◆ PROBLEM DESCRIPTION: Retype, word for word, every line of the records below starting at the one that contains "A unique eco-printing" and ending at the one that contains "- コンパクトに収納できてス"; include both of those lines and nothing more.

** Opening DATA EXTRACTS block **

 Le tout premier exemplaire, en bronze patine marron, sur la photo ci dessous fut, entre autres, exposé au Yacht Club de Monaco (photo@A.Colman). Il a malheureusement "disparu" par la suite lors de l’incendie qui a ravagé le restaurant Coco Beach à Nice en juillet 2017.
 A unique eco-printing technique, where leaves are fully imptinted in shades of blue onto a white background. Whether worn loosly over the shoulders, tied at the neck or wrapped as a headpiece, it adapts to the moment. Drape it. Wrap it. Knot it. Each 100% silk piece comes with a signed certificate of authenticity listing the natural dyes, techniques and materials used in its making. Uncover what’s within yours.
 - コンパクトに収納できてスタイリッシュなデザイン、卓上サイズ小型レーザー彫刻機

** Closing DATA EXTRACTS block **
** Opening DATA EXTRACTS block **

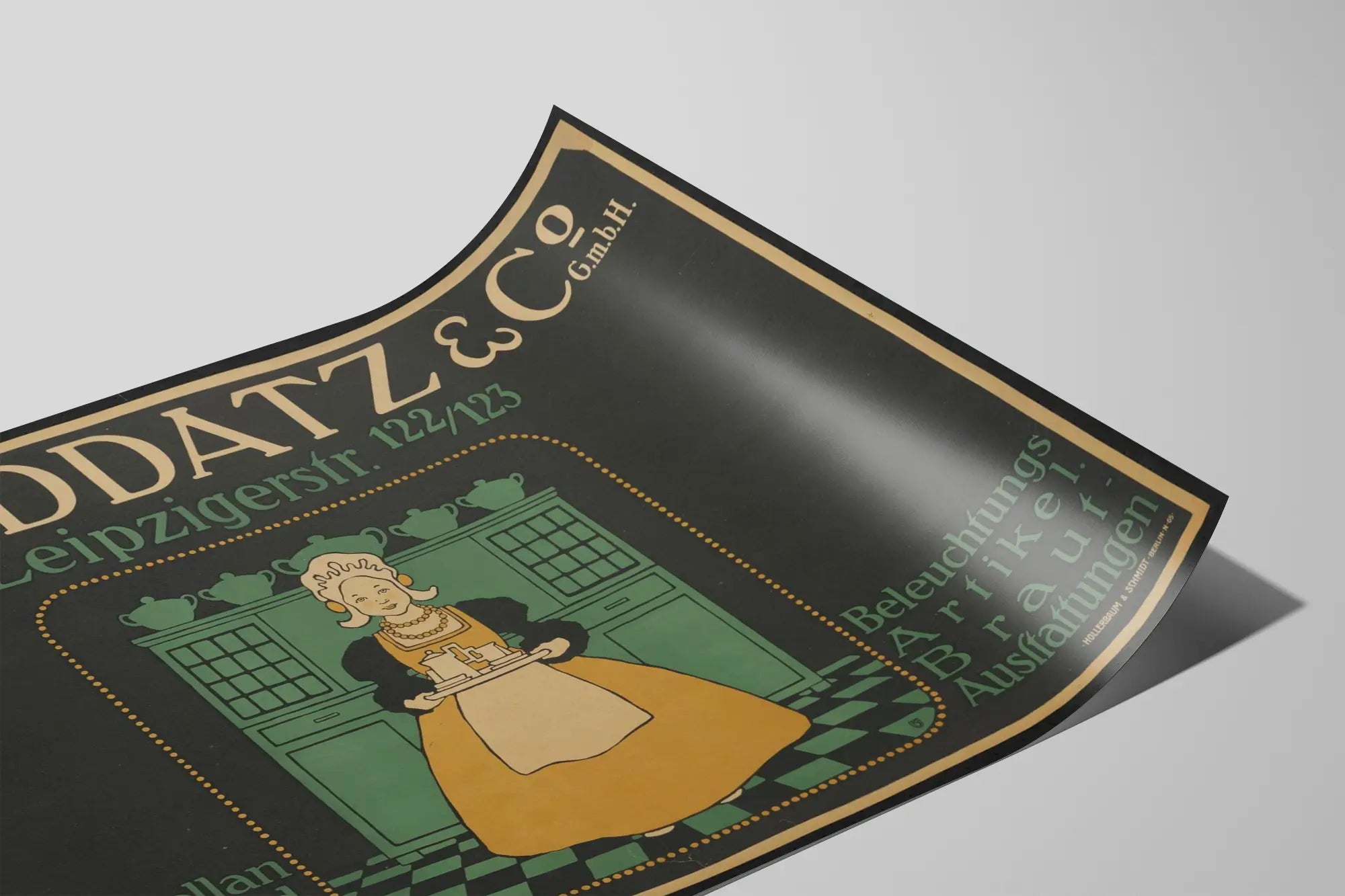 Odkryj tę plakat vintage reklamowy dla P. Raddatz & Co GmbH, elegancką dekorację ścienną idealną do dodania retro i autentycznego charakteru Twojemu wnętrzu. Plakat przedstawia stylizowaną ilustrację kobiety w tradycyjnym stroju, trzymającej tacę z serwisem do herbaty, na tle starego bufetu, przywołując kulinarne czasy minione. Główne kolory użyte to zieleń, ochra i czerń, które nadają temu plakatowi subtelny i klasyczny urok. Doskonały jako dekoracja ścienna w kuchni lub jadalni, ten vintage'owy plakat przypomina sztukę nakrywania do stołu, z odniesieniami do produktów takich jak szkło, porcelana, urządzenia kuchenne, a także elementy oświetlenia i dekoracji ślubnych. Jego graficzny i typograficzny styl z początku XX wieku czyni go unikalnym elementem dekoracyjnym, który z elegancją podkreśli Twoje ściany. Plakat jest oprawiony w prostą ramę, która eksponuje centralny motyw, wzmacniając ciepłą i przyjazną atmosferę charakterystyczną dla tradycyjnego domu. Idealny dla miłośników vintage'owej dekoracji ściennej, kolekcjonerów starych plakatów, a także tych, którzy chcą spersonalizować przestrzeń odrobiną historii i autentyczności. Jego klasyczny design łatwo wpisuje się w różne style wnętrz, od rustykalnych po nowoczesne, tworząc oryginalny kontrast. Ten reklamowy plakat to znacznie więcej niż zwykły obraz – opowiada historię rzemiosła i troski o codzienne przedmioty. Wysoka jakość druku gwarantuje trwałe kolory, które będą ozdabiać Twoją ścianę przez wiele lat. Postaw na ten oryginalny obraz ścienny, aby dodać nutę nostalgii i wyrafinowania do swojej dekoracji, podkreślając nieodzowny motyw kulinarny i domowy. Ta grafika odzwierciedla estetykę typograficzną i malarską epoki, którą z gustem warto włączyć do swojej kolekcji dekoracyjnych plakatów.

** Closing DATA EXTRACTS block **
** Opening DATA EXTRACTS block **

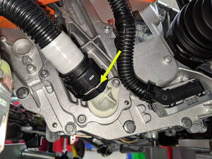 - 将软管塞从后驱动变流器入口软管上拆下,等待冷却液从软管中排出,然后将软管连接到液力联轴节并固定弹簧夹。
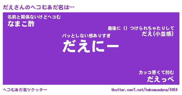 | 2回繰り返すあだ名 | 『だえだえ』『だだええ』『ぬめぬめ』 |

** Closing DATA EXTRACTS block **

◆ EXERCISE ANSWER:
 A unique eco-printing technique, where leaves are fully imptinted in shades of blue onto a white background. Whether worn loosly over the shoulders, tied at the neck or wrapped as a headpiece, it adapts to the moment. Drape it. Wrap it. Knot it. Each 100% silk piece comes with a signed certificate of authenticity listing the natural dyes, techniques and materials used in its making. Uncover what’s within yours.
 - コンパクトに収納できてスタイリッシュなデザイン、卓上サイズ小型レーザー彫刻機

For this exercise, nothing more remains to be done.